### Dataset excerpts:
******************************
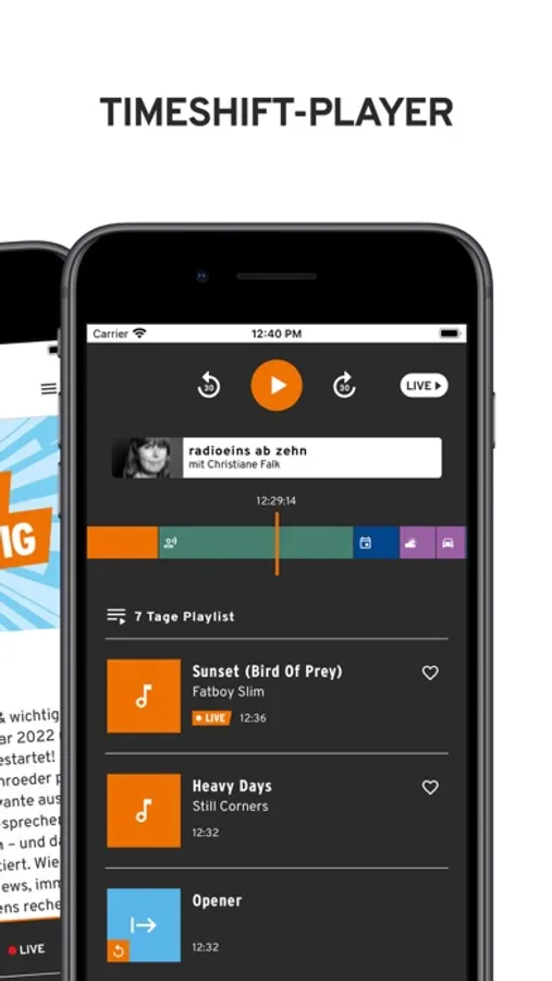 Vor allem aber haben wir jetzt einen Timeshift-Player, mit dem man die letzten vier Stunden radioeins nachhören kann! Entweder den Zeitstrahl nach links schieben oder eins der Elemente aus der Playlist antippen und schon können Sie das halb verpasste Interview oder den Song, der gar nicht so uninteressant klang, in voller Schönheit nachhören.
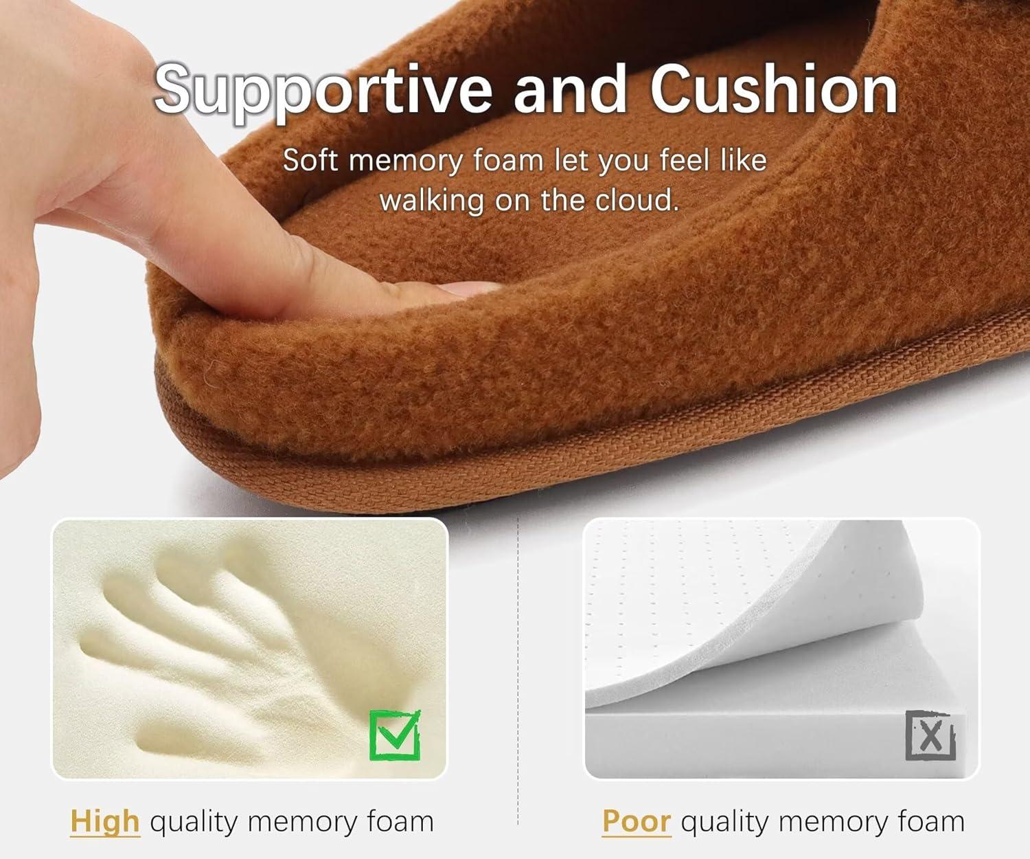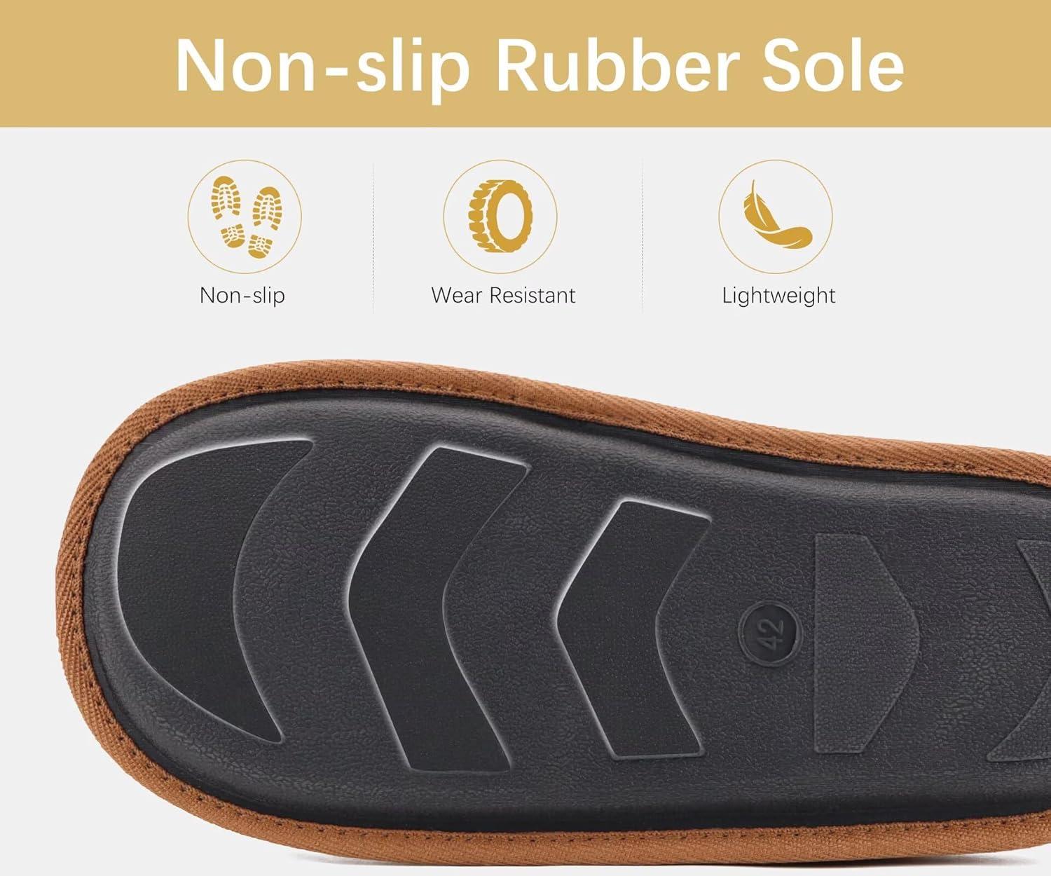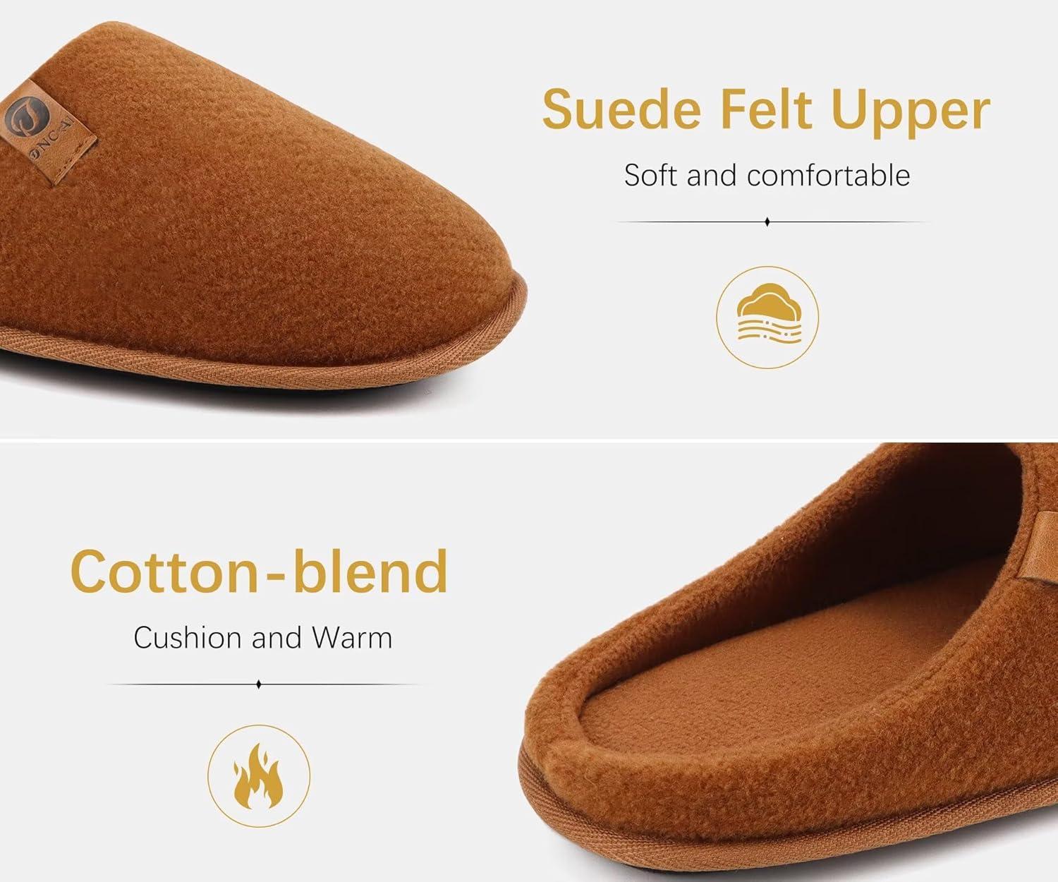 ONCAI Men’s House Slippers Memory Foam Slip-On Warm Cozy Scuff Home Bedroom Shoes with Indoor/Outdoor Rubber Soles US Size 7-15(Felt Khaki)
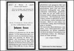 Eltern: Peter Josef Esser u. Katharina geb. Ludwig; ∞ 2.2.1900 Katharina Fabritius, † 28.1.1904; stattliche Leibesgröße; 1 überlebender Sohn |
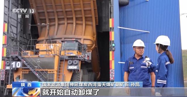 国家能源集团神延煤炭西湾露天煤矿副矿长 孙凯:当无人矿卡识别到绿灯,就开始自动卸煤了。然后进入自动破碎、皮带运转、智能筛分。在出厂前最后一步,我们还采用了智能无人装车系统,通过雷达扫描,就能精确计算出货箱容积,并且引导卡车精准停车,还能自动开闸装车。不到一分钟就能装满一辆卡车。
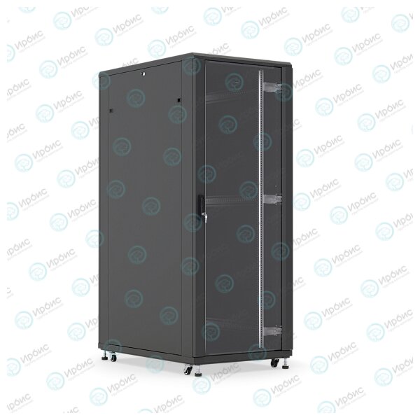 Шкаф напольный 19", 18U, 988x600х1000мм, стеклянная передняя дверь, задняя металлическая, черный, DANNMAN TXQ1861GS30ВК
******************************
Above are records; write out the lines from the one with "ONCAI Men’s House" down to the one with "Eltern: Peter Josef", exactly, leaving the pictures out.

 ONCAI Men’s House Slippers Memory Foam Slip-On Warm Cozy Scuff Home Bedroom Shoes with Indoor/Outdoor Rubber Soles US Size 7-15(Felt Khaki)
 Eltern: Peter Josef Esser u. Katharina geb. Ludwig; ∞ 2.2.1900 Katharina Fabritius, † 28.1.1904; stattliche Leibesgröße; 1 überlebender Sohn |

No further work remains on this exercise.